The most intriguing and exciting part of the new encyclical of Pope Benedict XVI for me is the brief section of Chapter 3 where he reflects on the “astonishing experience of gift.” As I read this I went back to a sermon of Professor Paul Ricoeur at the University of Chicago, entitled “the Logic of Jesus, the Logic of God.” Ricoeur challenges us to move beyond the logic of equality or equivalence to the logic of God, the logic of Jesus, and the logic of St. Paul--to a logic of excess and superabundance--to a logic of grace. He shows how Jesus moved beyond revenge, and beyond the Old Testament logic of equivalence (eye for an eye) to turn the other cheek and go the extra mile as in the Sermon on the Mount. So too Paul describes this divine logic as the way of God: “Where sin abounds, grace abounds all the more.” Ricoeur continues that this “logic of generosity clashes head on with the logic of equivalence which orders our everyday exchanges, our commerce and our penal law…”
Ricoeur explains that our market economy is founded on the law of equivalence or exchange, but this system is not eternal. In fact, “Ethnology tells us of an economy of the gift more ancient than that of exchange.” Then he challenges his listeners: “Is not our task at the national level, and even more at the international level, to bring about the economy of the gift within a modern context. Is not our task to rectify by some positive interventions, the inequality which results precisely from our application to all our economic and commercial relations of the logic of equivalence?”

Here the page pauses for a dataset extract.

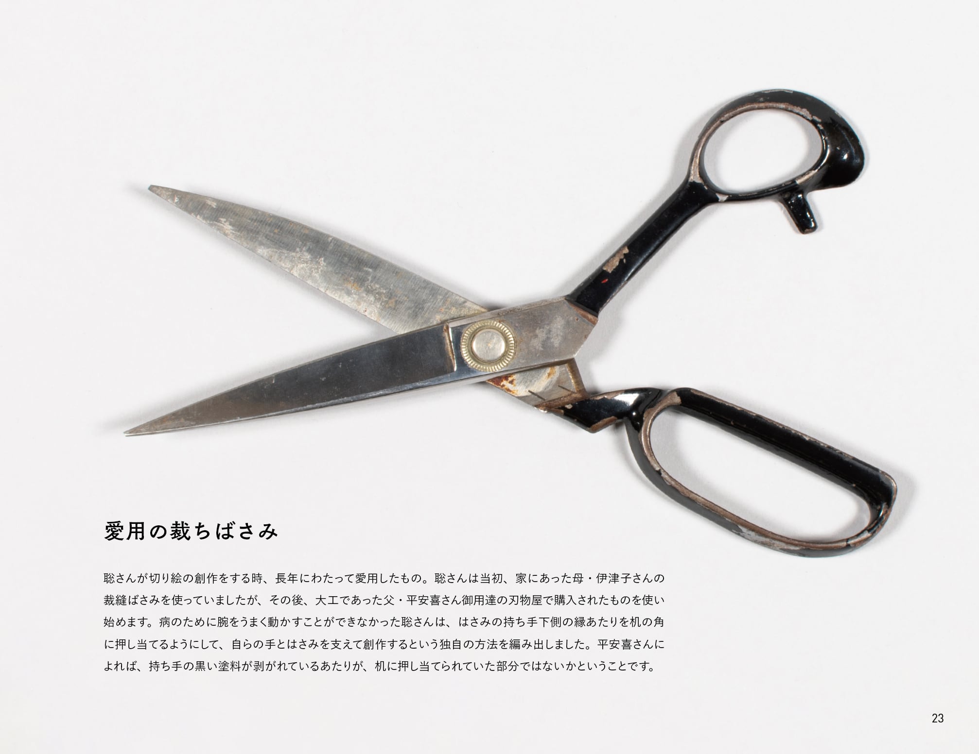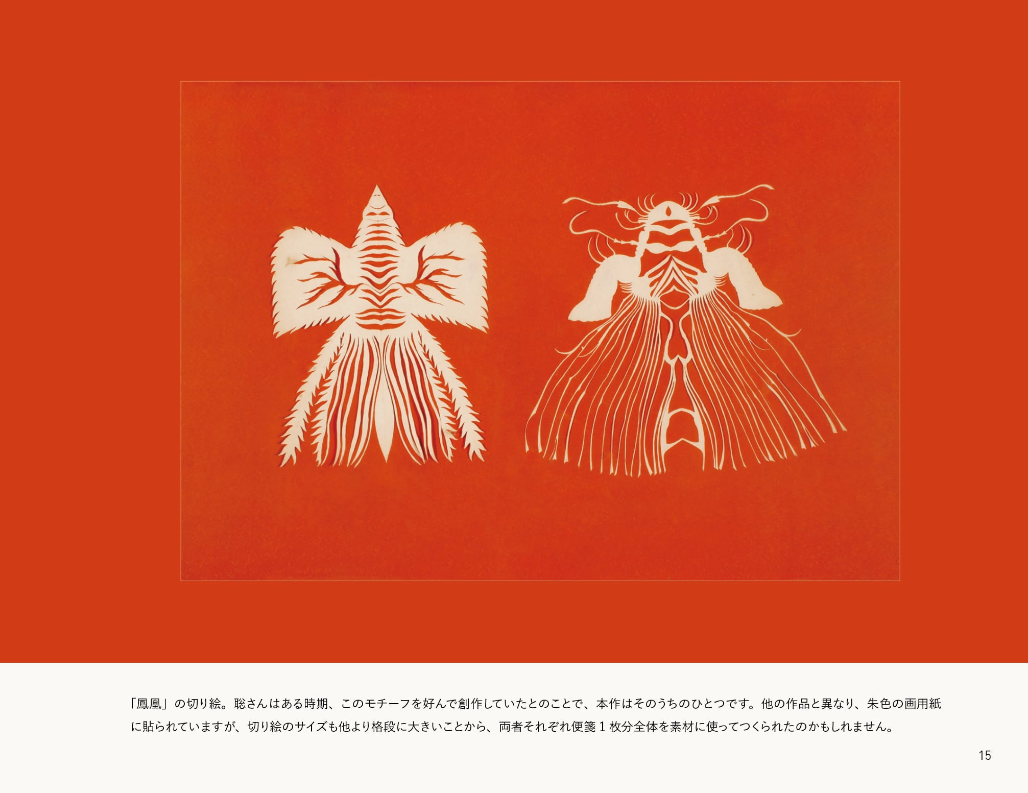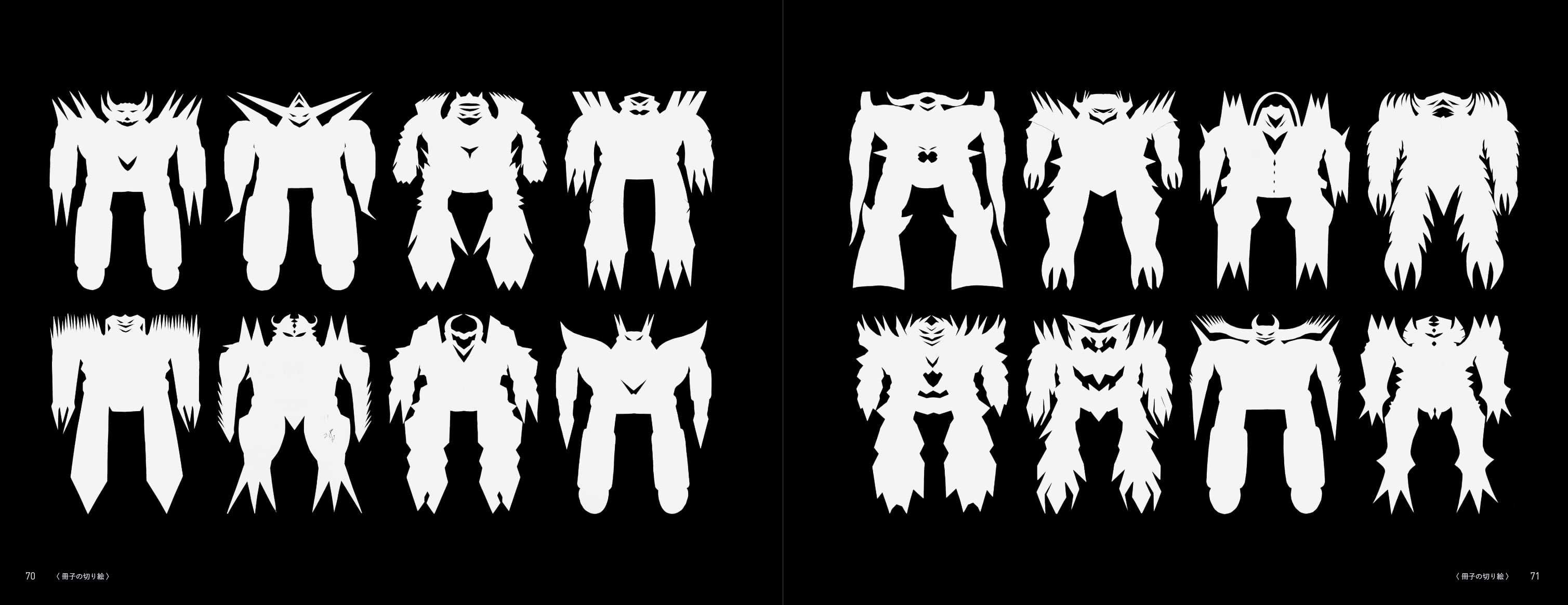 聡さんは小学校への入学後、筋ジストロフィーを発症。12歳頃より、便箋と裁ちばさみを使って切り絵の創作を独学で始め、20歳で亡くなるまでの数年間で無数の作品を生み出しました。本書には、廃校となり解体を待つ小学校舎内に長年放置されていたところを発見/救出されて同展覧会への参加や本書発行の起点となった額装作品をはじめ、自宅に遺されていた切り絵やいくつかの特注品、愛用のはさみなど様々な資料のほか、父・平安喜さんへの聞き取りも掲載。登場する切り絵の総数/種類は、現存が確認されている作品のほぼ全点となる約560体で、聡さんがつくりだした独自の怪獣やロボットや動物や生命体の切り絵が図鑑のようにずらりと姿を現す内容となっています。

Whether he is relying upon Ricoeur or not, or aware of this sermon of Ricoeur, this is precisely what Pope Benedict is challenging us to bring about. In accord with the social teaching of the Church, the Pope clearly sees the need for justice, but that is not sufficient in our complex world of inequalities. “The logic of gift does not exclude justice, nor does it merely sit alongside it as a second element added from without; on the other hand, economic, social and political development, if it is to be authentically human, needs to make room for the principle of gratuitousness as an expression of fraternity” (34). Again, “the logic of gift as an expression of fraternity can and must find their place within normal economic activity” This is a human demand at the present time, but it is also demanded by economic logic. It is a demand both of charity and of truth” (36), and is strongly opposed to the purely consumerist and utilitarian view of life (34)
Pope Benedict desires that this logic of the gift enter at three levels, the market, the State and civil society. He notes that “in the past it was possible to argue that justice had to come first and gratuitousness could follow afterwards, as a complement, today it is clear that without gratuitousness, there can be no justice in the first place” (38). This is the only way to defeat underdevelopment and create community. He notes that this “market of gratuitousness does not exist, and attitudes of gratuitousness cannot be established by law. Yet both the market and politics need individuals who are open to reciprocal gift” (39).
Going back to the essay of Ricoeur, the Pope is calling us to reach higher and even in the realm of economics to live on the level of grace/gratuity - to follow the way and teaching of Jesus Christ which is the way of generous, unconditional love, the way of the Sermon on the Mount. Without using the word grace, this is his challenge, to move to the “rule of superabundance”, and put into practice “principles other than those of pure profit” (37). Will economists and world leaders hear this challenge and move to, or begin to include this higher “logic of the unconditional gift”(37)? Will they outrightly reject it, or will it become part of their ongoing discussion, for example on the reduction or elimination of the unpayable debts that bind so many poorer nations? That remains to be seen.
Peter Schineller, S.J.
Ricoeur's "The Logic of Jesus, the Logic of God" and "Love and Justice," in his Figuring the Sacred: Religion, Narrative, and Imagination, trans. David Pellauer, ed. Mark I. Wallace (Minneapolis: Fortress Press, 1995), pp. 279–83 and 315–29, respectively.